Source records
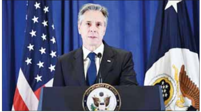
အမေရိကန်နိုင်ငံခြားရေးဝန်ကြီး အန်တိုနီဘလင်ကန်။

သွားဖွယ်ရှိသည်။ နောက်ထပ်ဆွေးနွေးရမည့် အကြောင်းအရာတစ်ခုမှာ ဇန်နဝါရီလနှောင်းပိုင်းအတွင်း ကျော်ဒန်ရို အမေရိကန်စစ်ဓနန်းတစ်ခု တိုက်ခိုက်ခံရကာ အမေရိကန်တပ်ဖွဲ့ဝင်များ သေဆုံးစေသည့်အကြောင်းအရာပင်ဖြစ်သည်။ ပင်လယ်နီတွင် ယီမင်အစိုးရဆန့်ကျင်ရေးသူပုန်များဖြစ်သည့် ဟူဒီတို့က ကုန်တင်သင်္ဘောကြီးများကို အကြိမ်ကြိမ်တိုက်ခိုက်မှုပြုလုပ်ခဲ့ရာ ဒေသတွင်း တင်းမာမှုများဖြစ်ပွားစေရေး ဘလင်ကန်က အခြားသောနိုင်ငံများကို တိုက်တွန်းသွားမည်ဖြစ်သည်။ ပြီးခဲ့သည့်နှစ် အောက်တိုဘာလအတွင်း အစွဲရေးနှင့် ဟားမားစ်တိုက်ပွဲများ စတင်ဖြစ်ပွားသည့် အချိန်မှစတင်ကာ အမေရိကန်နိုင်ငံခြားရေးဝန်ကြီး အနေဖြင့် အရှေ့အလယ်ပိုင်းဒေသသို့ ငါးကြိမ်မြောက် ခရီးသွားခြင်းလည်း ဖြစ်သည်။ အင်န်အိတ်ချီက
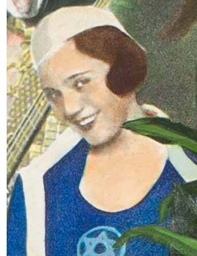
© Ram Katzir, Sgt. Kosher Jewish Hearts Club Band, 2006. Collection Jewish Historical Museum, Amsterdam.
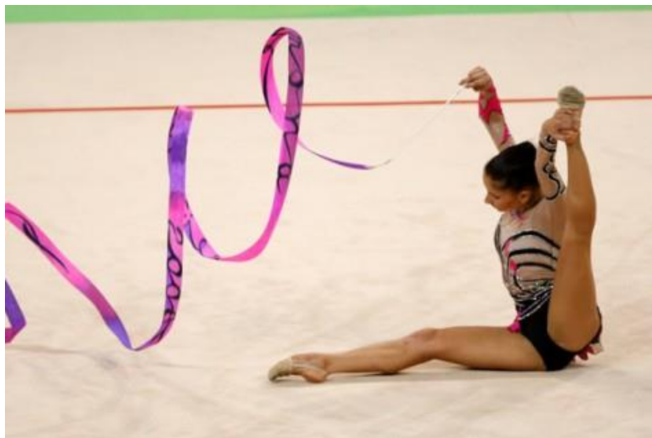
Slika 5. Traka
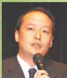
◆案内人 児玉竜一 (早稲田大学文学学術院教授)
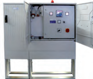
Kompaktschaltschrank mit Noteinspeisung und EVU-Anschluß
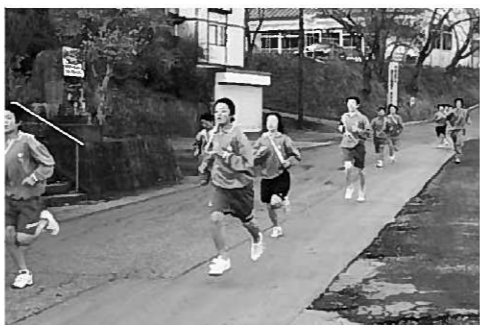
部対抗駅伝の様子

生チームが優勝し、まだまだ下級生には負けたくないぞ、という意地を見せました。 1月16日からは私立高校の推薦入試や一般入試が始まります。 3年生には、今回の駅伝の意地をぜひとも今後の高校入試で発揮してほしいと思います。

§ What you have to do: The required output is every line from the one containing "Slika 5. Traka" through the last line of the records, inclusive, reproduced exactly and without pictures.

§ Reply:
Slika 5. Traka
◆案内人 児玉竜一 (早稲田大学文学学術院教授)
Kompaktschaltschrank mit Noteinspeisung und EVU-Anschluß
部対抗駅伝の様子

生チームが優勝し、まだまだ下級生には負けたくないぞ、という意地を見せました。 1月16日からは私立高校の推薦入試や一般入試が始まります。 3年生には、今回の駅伝の意地をぜひとも今後の高校入試で発揮してほしいと思います。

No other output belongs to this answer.